I felt like myself and my daughter’s father had been getting on well like friends. He was the type that I felt like I could tell anything to. He seemed too good to be true and yet I still wasn’t attracted to him but he was part of my life because of my daughter and I wasn’t seeing anyone else. I wanted to feel attracted to him but I just couldn’t. I would still only sleep with him when I was drunk. He would tell me that I just won’t let myself feel anything as if it was me that was the problem. with me being then 22 year old I felt like maybe there was something I needed to change. I believed that it was me who had the problem.
He began commenting on certain things which didn’t seem big at the time. Things like if I went over to my family or met up with my friend he would always say ” Don’t take too long.” I didn’t see this as a redflag but it was only the start of more of the Narcissist’s remarks to follow.
He asked what I was wearing while going out with a friend for her birthday.
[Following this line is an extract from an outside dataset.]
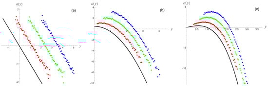 Standard procedure reconstructions of drift functions from time series generated by Equation (2) for three antisymmetric forms of persistence parameters given by Equation (17) (blue points), Equation (18) (green points) and Equation (19) (red points). (a) Case M1; (b) case M2; (c) case M3. Black graphs represent the initial forms of a(y).

When I told him I was wearing a skirt his response was “Well you know most blokes think that girls who wear skirts are sluts.”
You see how he didn’t say that HE was the one thinking that? He chose the indirect way of getting that message into my subconscious mind so that I would have the belief that I would look like a slut if I wore a skirt.
Those comments then turned from indirect to direct because I didn’t stop him the first time – I allowed those comments in because I didn’t know how to stick up for myself and avoided confrontation and arguments at all costs because I just didn’t know how to argue. I always had felt like an empty shell anyway and I had this belief that I didn’t belong in this world – but he wanted to be in my life so I felt needed. I can see why now and it wasn’t because of my mentally strong personality. While I was allowing the comments to slide in while I didn’t react because I was blocking it as if it didn’t happen – he could see that there was no boundaries so that gave him permission to continue with it.